EXERCISE BRIEF>
Word for word, copy out the data below, omitting pictures.

TASK DATA>

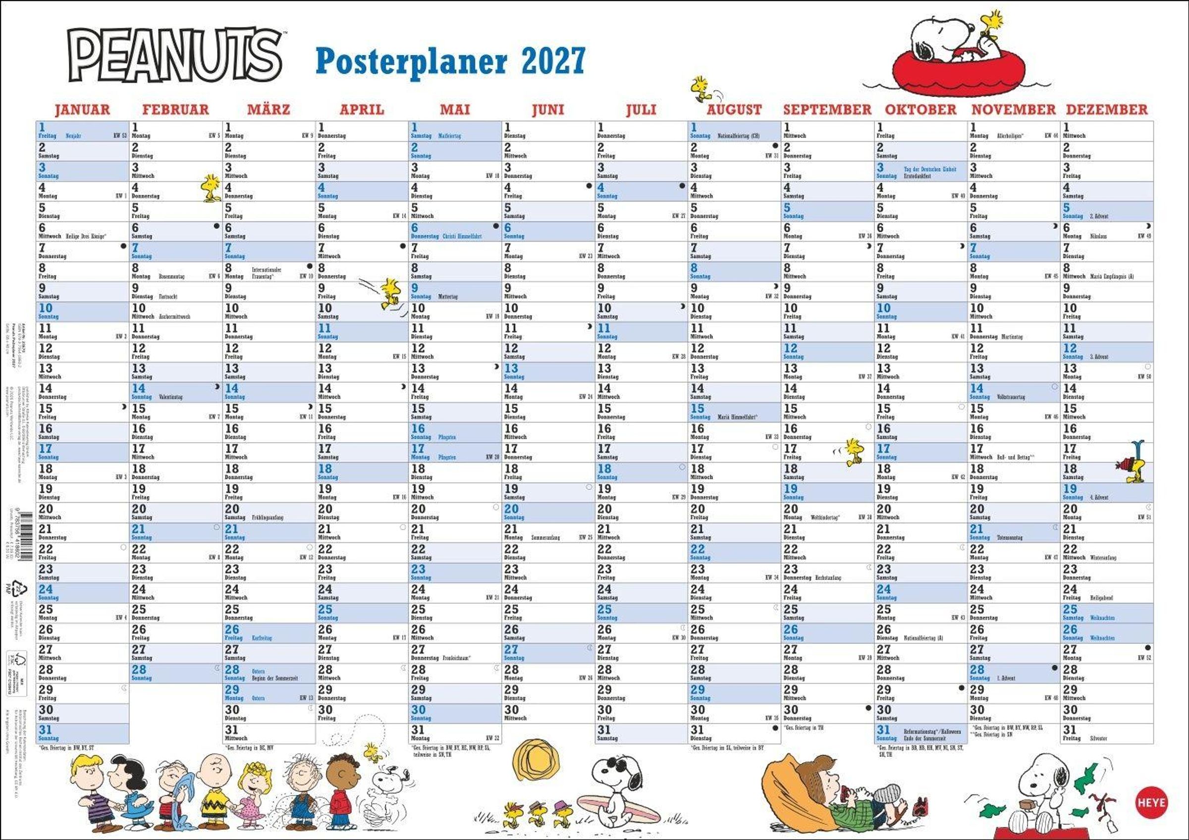 Für alle, die richtig was vorhaben: Gute Laune-Kalenderposter 2027 mit Charlie Brown und seinen Freunden und viel Platz für alle Termine
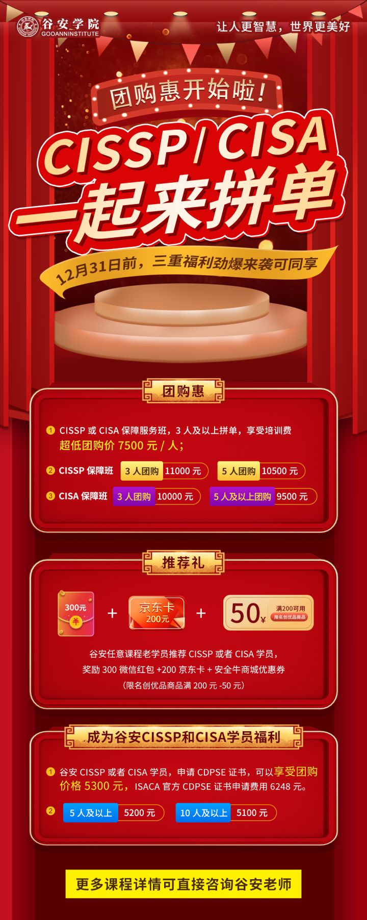 CISSP/CISA一起来拼单,福利送不停,谷安最后一次优惠政策!
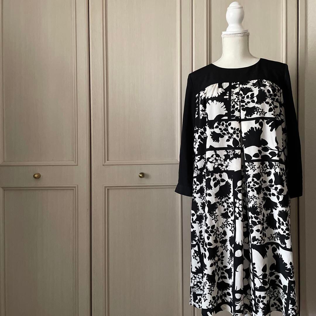 48 ローラアシュレイ LAURA ASHLEY 花柄 ワンピース 総柄 黒 白
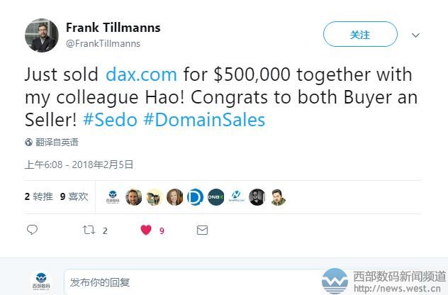三字母域名Dax.com超300万元高价易主!2月6日消息,昨天晚上Sedo平台经纪人Frank Tillmanns发推称,与中国经纪人同事Hao共同中介成交了一枚三字母域名Dax.com,价格为500,000美元,约合人民币315万元。 域名Dax.com注册于1997年,距今已有21年历史,在中文里有“大学、大笑、答谢、大象、大侠”等含义,适合搭建电商、游戏以及问答平台;在英文里,字母DAX又是“数据分析表达式”(DAX)、德国股票指数(Deutscher Aktienindex)等首字母缩写,适合搭建股票交易市场等。 据whois信息显示,域名Dax.com目前处在隐私保护中,注册商信息也尚未发生变更,尚不清楚背后买家和卖家的身份。据悉,域名Dax.com在NameBio不曾有过公开交易记录,不过外媒称,Dax.com曾在2015年6月有过私下交易,但当时的交易价格并不清楚。 截止到目前为止,2018年已经过了1个月了,就当前的交易价格来看,域名Dax.com应该是2018DN年度榜单上第一名,与前不久同样以500,000美元成交的新顶级域名Home.Loans并列第一。 来源新闻资讯:三字母域名Dax.com超300万元高价易主!
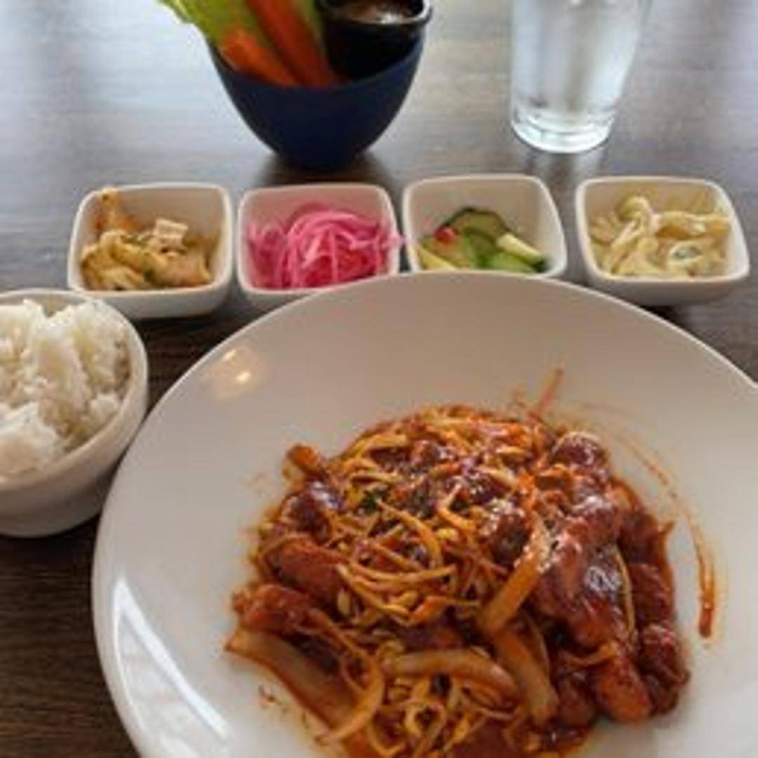 Thinly sliced pork belly marinated in a spicy Korean gochujang-based sauce and stir-fried with onions and other vegetables. A flavorful and fiery dish offering a perfect balance of heat and savory flavors.

RESULT FOR THIS TASK>
 Für alle, die richtig was vorhaben: Gute Laune-Kalenderposter 2027 mit Charlie Brown und seinen Freunden und viel Platz für alle Termine
 CISSP/CISA一起来拼单,福利送不停,谷安最后一次优惠政策!
 48 ローラアシュレイ LAURA ASHLEY 花柄 ワンピース 総柄 黒 白
三字母域名Dax.com超300万元高价易主!2月6日消息,昨天晚上Sedo平台经纪人Frank Tillmanns发推称,与中国经纪人同事Hao共同中介成交了一枚三字母域名Dax.com,价格为500,000美元,约合人民币315万元。 域名Dax.com注册于1997年,距今已有21年历史,在中文里有“大学、大笑、答谢、大象、大侠”等含义,适合搭建电商、游戏以及问答平台;在英文里,字母DAX又是“数据分析表达式”(DAX)、德国股票指数(Deutscher Aktienindex)等首字母缩写,适合搭建股票交易市场等。 据whois信息显示,域名Dax.com目前处在隐私保护中,注册商信息也尚未发生变更,尚不清楚背后买家和卖家的身份。据悉,域名Dax.com在NameBio不曾有过公开交易记录,不过外媒称,Dax.com曾在2015年6月有过私下交易,但当时的交易价格并不清楚。 截止到目前为止,2018年已经过了1个月了,就当前的交易价格来看,域名Dax.com应该是2018DN年度榜单上第一名,与前不久同样以500,000美元成交的新顶级域名Home.Loans并列第一。 来源新闻资讯:三字母域名Dax.com超300万元高价易主!
 Thinly sliced pork belly marinated in a spicy Korean gochujang-based sauce and stir-fried with onions and other vegetables. A flavorful and fiery dish offering a perfect balance of heat and savory flavors.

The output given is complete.